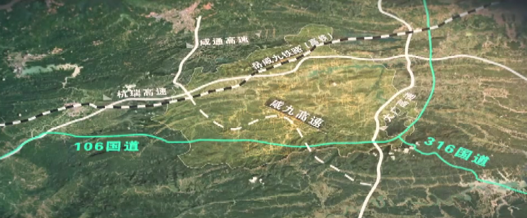 通山区位优越 交通便捷,是武汉 长沙 南昌“中三角”、咸岳九“小三角”中心节点,距武汉天河机场 武汉阳逻港 长江嘉鱼码头均在90分钟车程以内,境内杭瑞 大广 咸通三条高速,106 316两条国道和正在施工建设的咸九高速以及规划中的岳咸九铁路(高铁)(已列入湖北省铁路交通运输“十四五”规划建设重点项目,并在通山南林规划设立站点。)纵横交错。
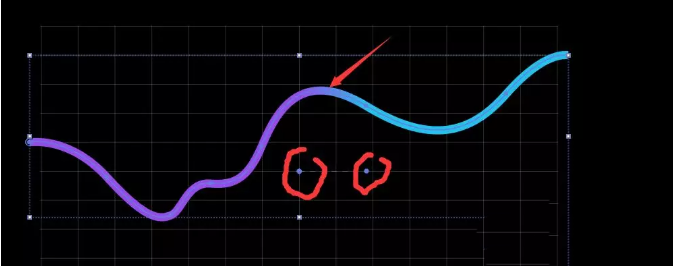 7、可以看到渐变不是很自然,可以将下图红圈圈起来的点往左右两端拖动,使过渡看起来更自然一些
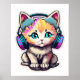 Cute Baby Cat with Headphones Poster
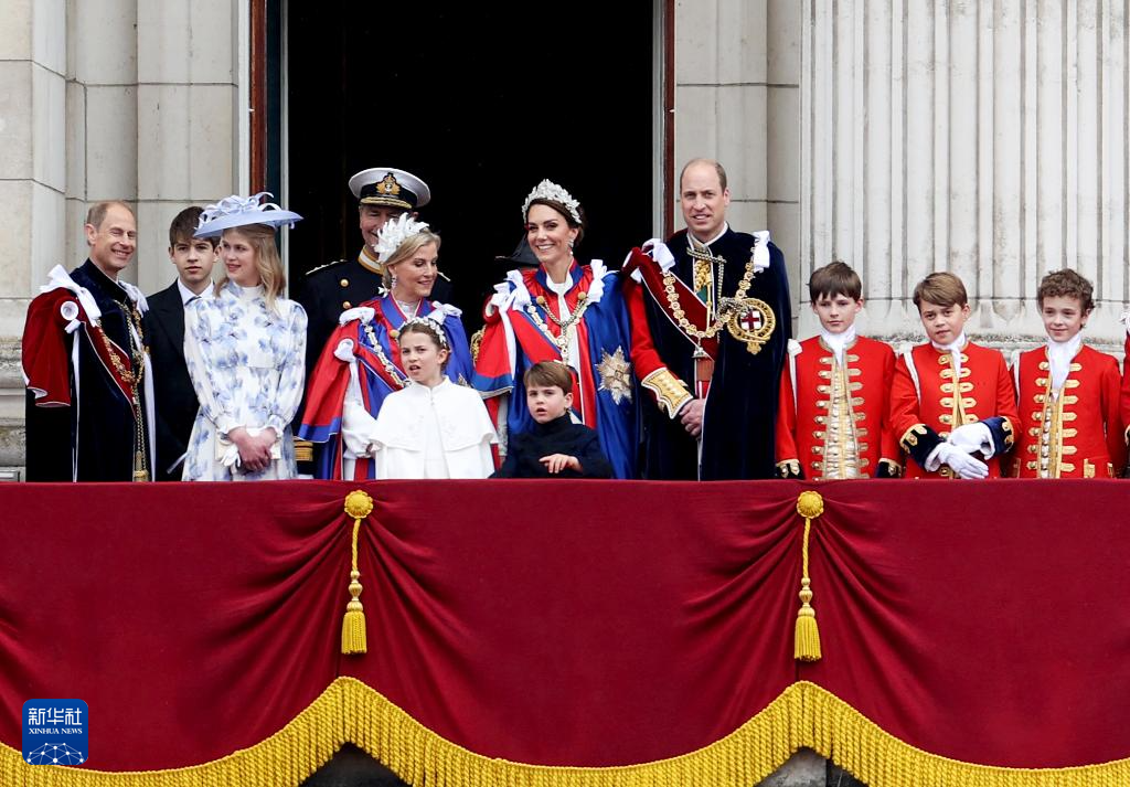 2023年5月6日,凱特王妃(中)在英國倫敦參加英國國王查爾斯三世的加冕儀式后,在白金漢宮陽臺(tái)上與民眾見面(資料照片)。新華社記者 李穎 攝
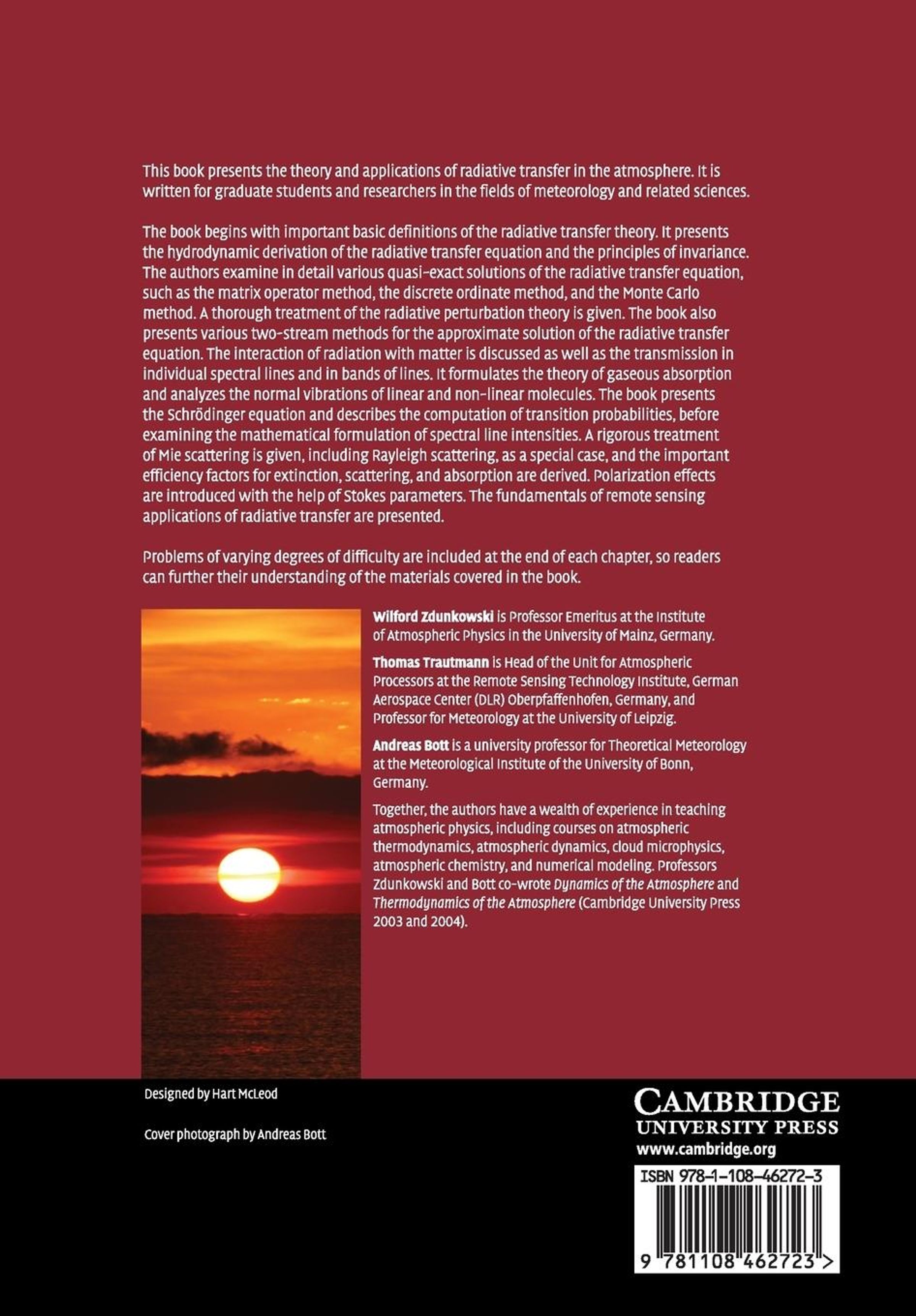 This book presents the theory and applications of radiative transfer for graduate students and researchers in meteorology and related sciences.
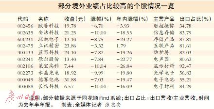 另外,安潔科技、環(huán)旭電子、歌爾股份、藍思科技和水晶光電等也都是蘋果概念的明星股。其中,藍思科技2017年上半年外銷收入為71.05億元,占主營業(yè)務收入比重為82.03%。安潔科技同期外銷營收占比為83.79%。環(huán)旭電子為87.81%。水晶光電的出口營收占比也達到56.83%。
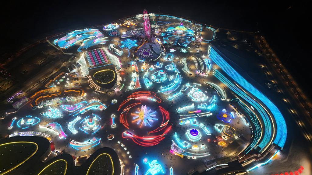 HARBIN, 30 enero, 2025 (Xinhua) -- Vista aérea del 26 de enero de 2025 del paisaje nocturno del Mundo de Hielo y Nieve de Harbin, en Harbin, en la provincia de Heilongjiang, en el noreste de China. Los IX Juegos Asiáticos de Invierno se llevarán a cabo en Harbin, capital de la provincia de Heilongjiang, en el noreste de China del 7 al 14 de febrero de 2025. Los juegos incluirán seis deportes, 11 disciplinas y 64 eventos. Los eventos de hielo se llevarán a cabo en Harbin, usando las sedes existentes de los Juegos Asiáticos de Invierno de 1996, mientras los eventos de nieve se llevarán a cabo en Yabuli, a 93 kilómetros de Harbin. Los juegos regionales se presentarán en China por tercera vez, después de Harbin en 1996 y la ciudad de Changchun, capital de la provincia de Jilin, en 2007. (Xinhua/Wang Song)
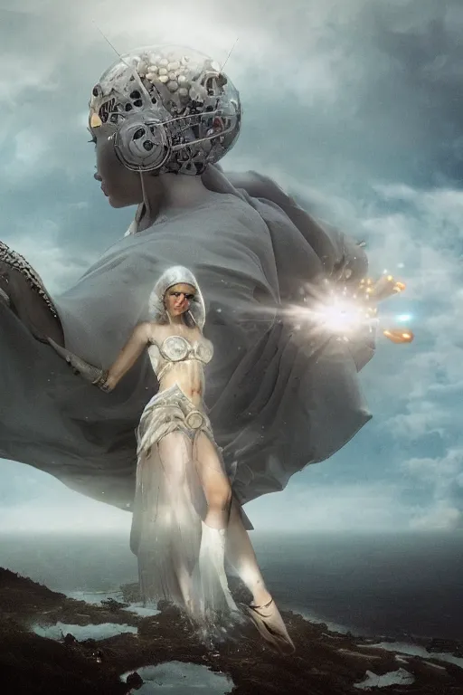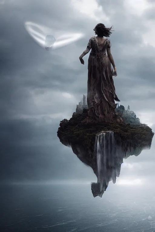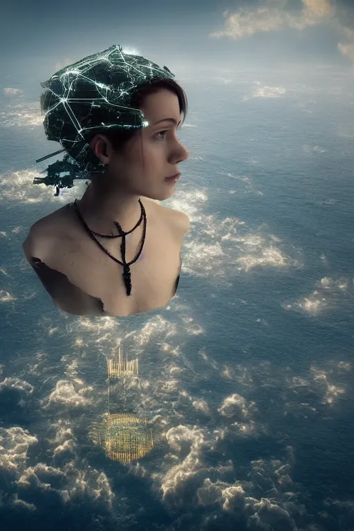 godess of artificial intelligence floating above a continent, sharp focus, by rozalski, cinematic, cinematic shot, megalophobia

===

→ Task description: Every line between the one containing "This book presents" and the end of the listing, both included, needs to be retyped exactly, minus the pictures.

→ Result:
 This book presents the theory and applications of radiative transfer for graduate students and researchers in meteorology and related sciences.
 另外,安潔科技、環(huán)旭電子、歌爾股份、藍思科技和水晶光電等也都是蘋果概念的明星股。其中,藍思科技2017年上半年外銷收入為71.05億元,占主營業(yè)務收入比重為82.03%。安潔科技同期外銷營收占比為83.79%。環(huán)旭電子為87.81%。水晶光電的出口營收占比也達到56.83%。
 HARBIN, 30 enero, 2025 (Xinhua) -- Vista aérea del 26 de enero de 2025 del paisaje nocturno del Mundo de Hielo y Nieve de Harbin, en Harbin, en la provincia de Heilongjiang, en el noreste de China. Los IX Juegos Asiáticos de Invierno se llevarán a cabo en Harbin, capital de la provincia de Heilongjiang, en el noreste de China del 7 al 14 de febrero de 2025. Los juegos incluirán seis deportes, 11 disciplinas y 64 eventos. Los eventos de hielo se llevarán a cabo en Harbin, usando las sedes existentes de los Juegos Asiáticos de Invierno de 1996, mientras los eventos de nieve se llevarán a cabo en Yabuli, a 93 kilómetros de Harbin. Los juegos regionales se presentarán en China por tercera vez, después de Harbin en 1996 y la ciudad de Changchun, capital de la provincia de Jilin, en 2007. (Xinhua/Wang Song)
 godess of artificial intelligence floating above a continent, sharp focus, by rozalski, cinematic, cinematic shot, megalophobia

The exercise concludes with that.